A graduate who was stalked by her soldier ex-boyfriend chose not to have him arrested for harassing her days before he slit her throat “from ear to ear”, a murder trial was told.
Alice Ruggles, 24, still cared about Trimaan “Harry” Dhillon, 26, despite his campaign of emotional blackmail after she ended their relationship because of his cheating, a court heard.
Jurors were told Ruggles grew so concerned by Dhillon’s behaviour that she reported him to the police after he had travelled from his barracks in Edinburgh to knock on her bedroom window at night.
Richard Wright QC, prosecuting, said Alice called the police again on 7 October last year. The officer who had been in charge of her case was on leave, Wright said, so it went to another police constable who left to Ruggles the decision over whether to arrest Dhillon.
Wright told Newcastle crown court: “He put the decision on Alice’s shoulders: ‘do you want us to arrest him or not?’ Sadly the dilemma this young girl was left in is obvious. She was scared and worried by his behaviour but she had cared for and even loved him at one time. Generously, she decided not to have him arrested and she paid for that decision with her life five days later.”
Dhillon severed Alice’s throat with a kitchen knife in the shower after breaking into her ground-floor flat in Gateshead, Tyne and Wear, on 12 October last year, the court heard.
Wright said Dhillon took photographs of her backyard, perhaps as reconnaissance, two nights before the murder. Dhillon drew the blade across her neck six times in the attack, the court heard. His victim also suffered a wound to the nose and her hand as well as chest injuries as if she had been knelt on, Wright said.
The jury was played the 999 call when Alice’s flatmate and colleague Maxine McGill found her “blue” and covered in blood on the floor. Breathing heavily and sounding very distressed, the friend named the soldier as the suspect.
The prosecutor said McGill immediately knew Alice was dead. He said: “She had suffered horrendous injuries she could not have survived. Someone had slit her throat open from ear to ear, leaving her neck wide open.”

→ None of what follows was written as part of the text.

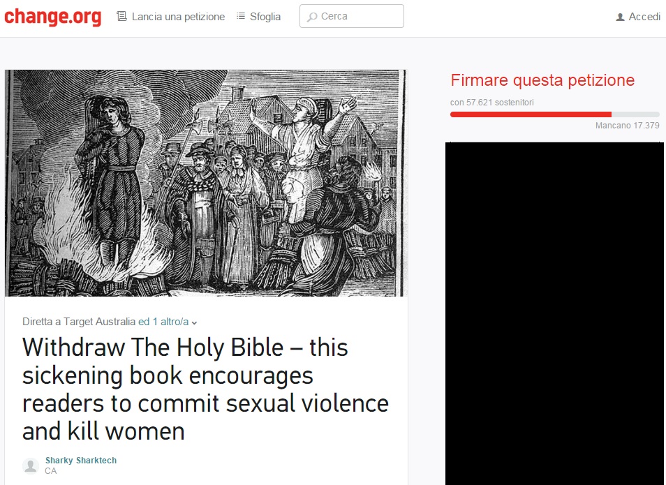 “Ritirate la Sacra Bibbia, oltre 40mila hanno firmato”.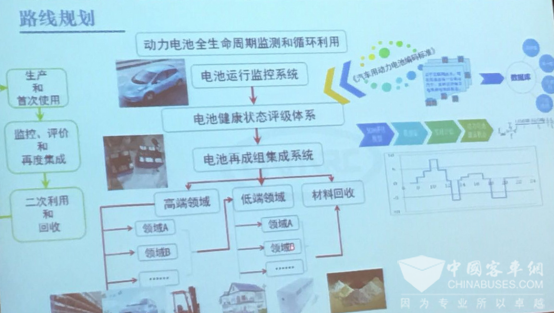 这就是我们规定整体的路线规划,也希望大家提一些相应的建议,因为我们也跟一些企业合作开展了相应的工作。我们知道,动力电池全生命周期的利用,包括初期的生产和首次的使用,也就是说在电动汽车上,也包括它的监控到评价、到再度的集成、到第二次的利用和回收。我们看一下第一阶段,生产和再利用的阶段,就是首次利用的阶段,在电动汽车上我们需要有一个运行的监控系统,就是说我刚才提到我们动力电池的编码制度已经有了,就是说这个时候电池从生产下来到电动汽车使用的时候已经有了一个身份证,我们可以全程知道它的身体状态、它所有的信息。而监控系统得到的数据有这样一些特点,它的实施性、它的惟一性和它的全面性、以及它的可全程追踪的特性。到了第二个阶段,健康状态的评价,也就是我刚才说的,全程的监测,是什么样一个概念呢?前面第一个监控系统,是给了电池的一个身份证,和了解它所有活动的状态。

McGill told the call-handler that Ruggles had reported having trouble with ex-boyfriend Dhillon, saying she had called 101 in the past.
Wright said: “Maxine had seen the obsessive and manipulative manner in which Dhillon had harassed and stalked Alice in the weeks and months before her death.
She had seen first hand how Alice’s happy, bubbly demeanour had changed over time.”
Alice was short and slight compared with the tall and well-built Dhillon, the prosecutor added.
The soldier, who had passed some of the courses to join the special forces, had served in Afghanistan but not in a combat role and the army was unaware of any traumatic episode during his service, the court heard.
He denies murdering the 24-year-old former Northumbria University student, who was originally from Leicestershire.
The trial continues.
• This article was amended on 11 April 2017 to correct a date.